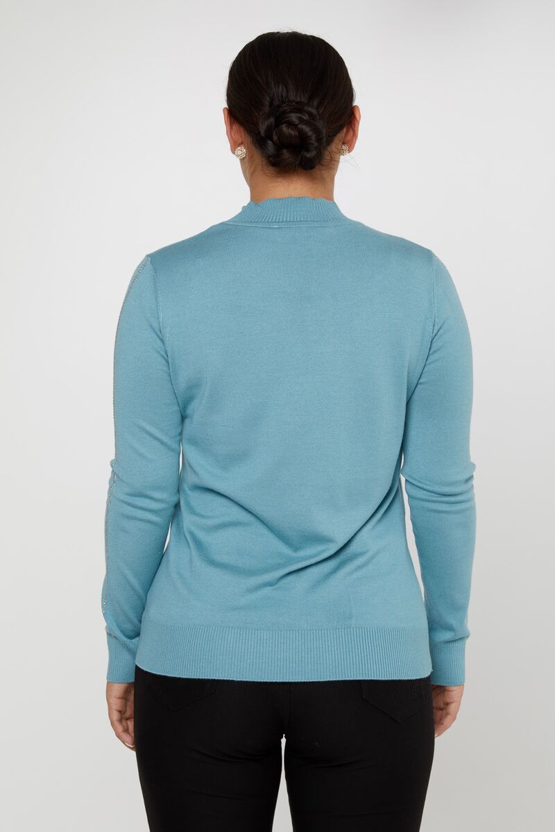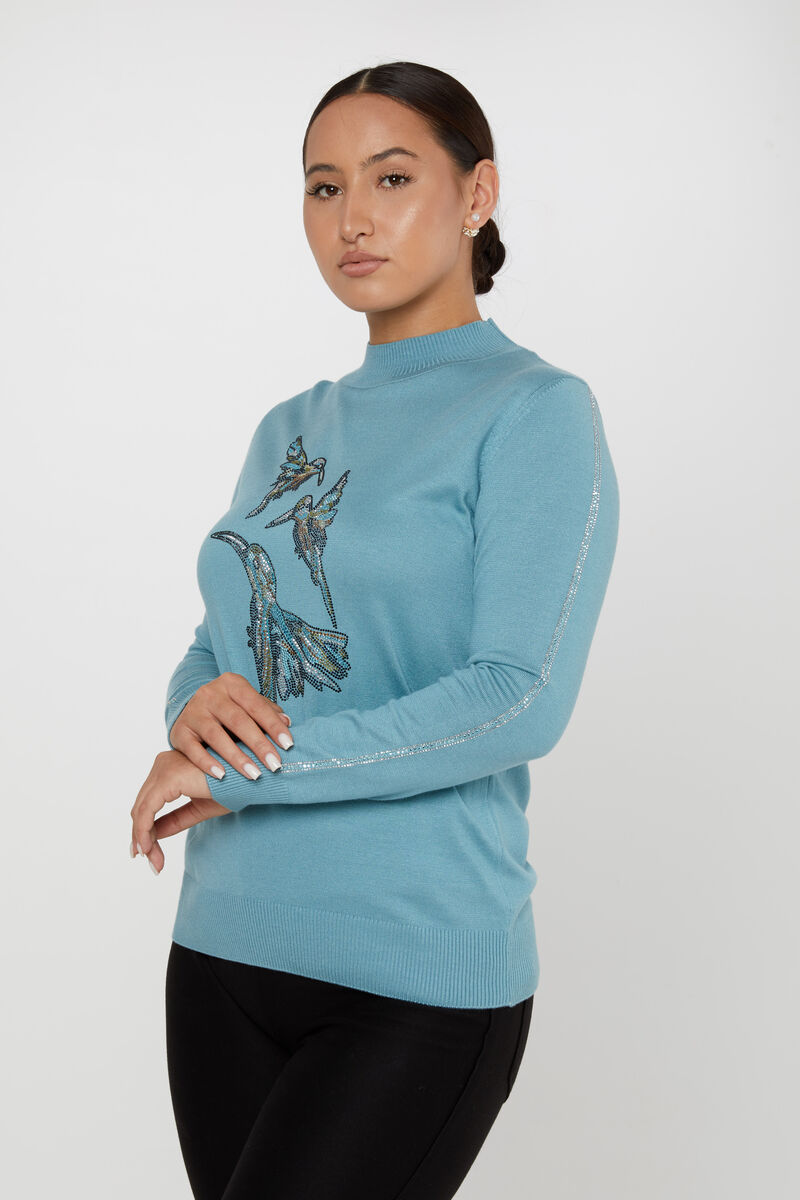Kadın Triko Taşlı Kuş Desenli Uzun Kol Mint - 31038 | KAZEE
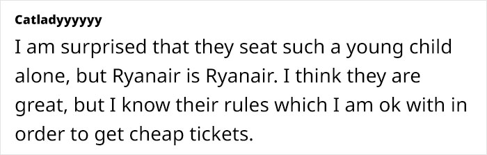 Ryanair’s policy states that kids under 12 should be seated next to an adult but, apparently, company policy was just a suggestion in this case
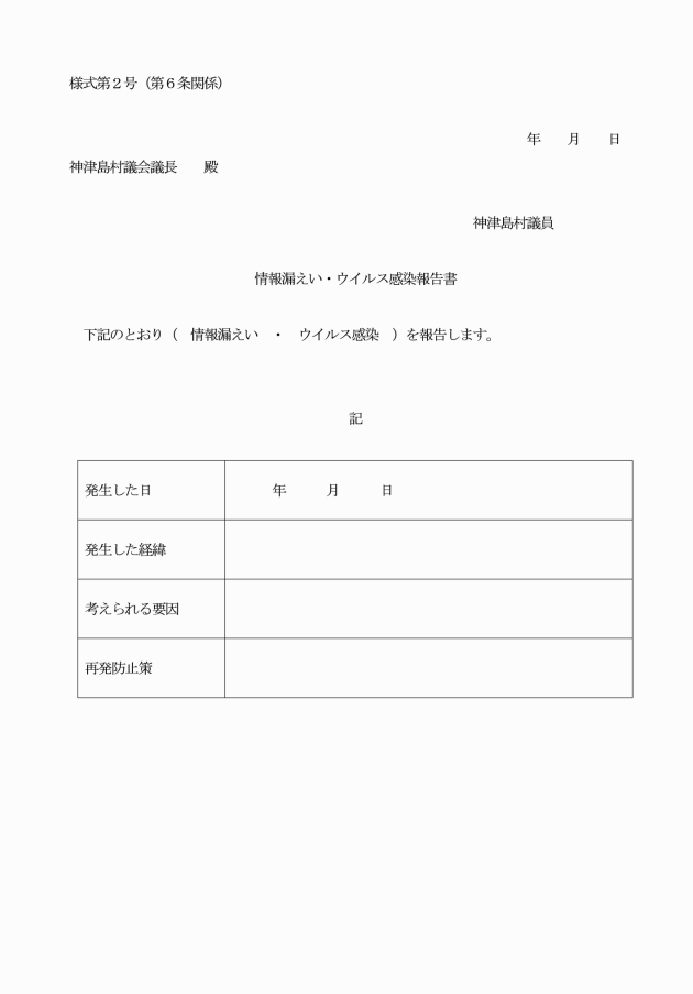 (3) 個人情報の漏えい若しくはコンピュータウイルス感染があったとき又はそのおそれがあるときは、速やかに事実関係を把握するとともに、情報漏えい・ウイルス感染報告書(様式第2号)により、直ちに議長に報告し、必要な措置を講じること。

* * * * * * *

**GOAL OF THE EXERCISE**: Take the lines from the one containing "Ryanair’s policy states" through the last line of the listing and repeat them exactly. Omit the pictures.

**RESPONSE FOR THIS EXERCISE**:
 Ryanair’s policy states that kids under 12 should be seated next to an adult but, apparently, company policy was just a suggestion in this case
 (3) 個人情報の漏えい若しくはコンピュータウイルス感染があったとき又はそのおそれがあるときは、速やかに事実関係を把握するとともに、情報漏えい・ウイルス感染報告書(様式第2号)により、直ちに議長に報告し、必要な措置を講じること。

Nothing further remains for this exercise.